INFORMATION SHOWN ::
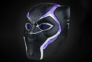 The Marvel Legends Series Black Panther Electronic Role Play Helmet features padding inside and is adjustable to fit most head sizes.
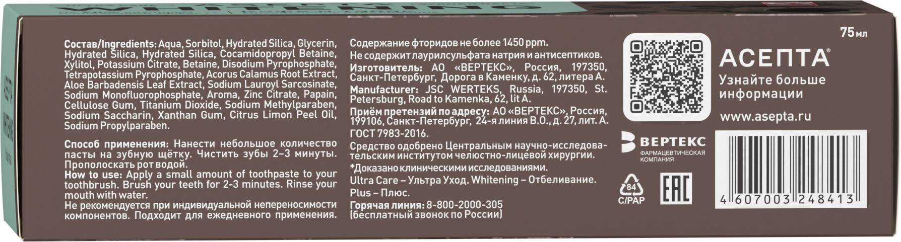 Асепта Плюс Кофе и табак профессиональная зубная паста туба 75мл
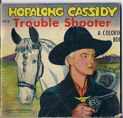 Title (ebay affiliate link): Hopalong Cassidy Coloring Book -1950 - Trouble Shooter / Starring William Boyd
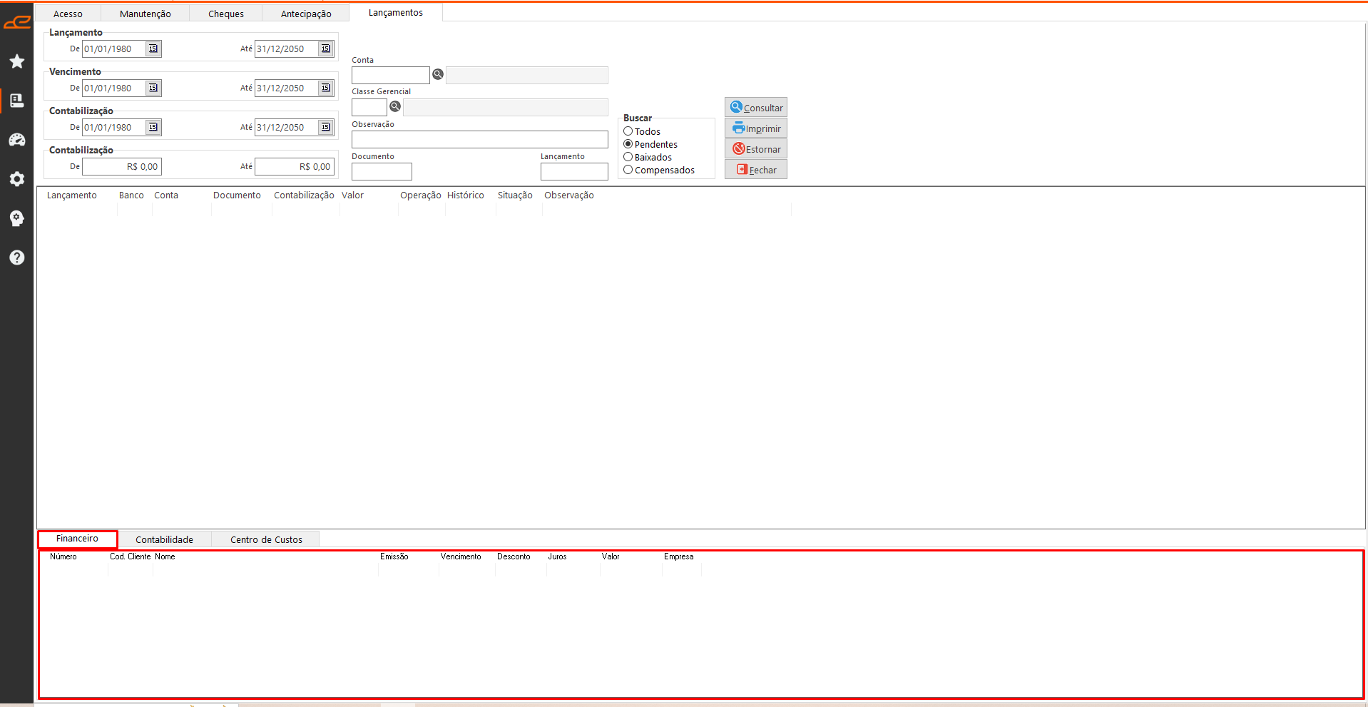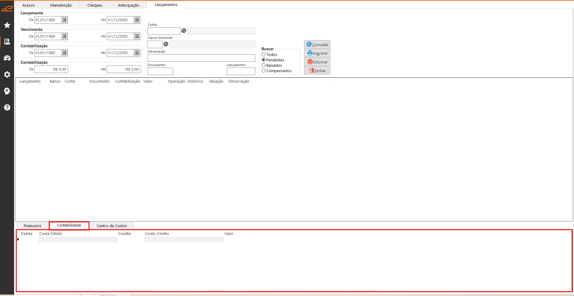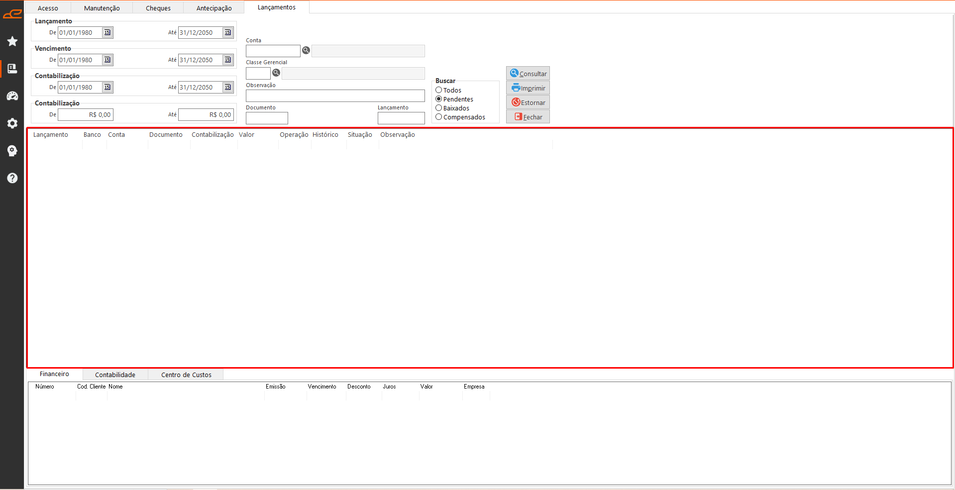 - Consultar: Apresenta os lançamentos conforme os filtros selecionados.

EXERCISE GOAL ::
Would you transcribe the listing above line by line, exactly, leaving every picture out?

RESULT OF THE TASK ::
 The Marvel Legends Series Black Panther Electronic Role Play Helmet features padding inside and is adjustable to fit most head sizes.
 Асепта Плюс Кофе и табак профессиональная зубная паста туба 75мл
 Title (ebay affiliate link): Hopalong Cassidy Coloring Book -1950 - Trouble Shooter / Starring William Boyd
 - Consultar: Apresenta os lançamentos conforme os filtros selecionados.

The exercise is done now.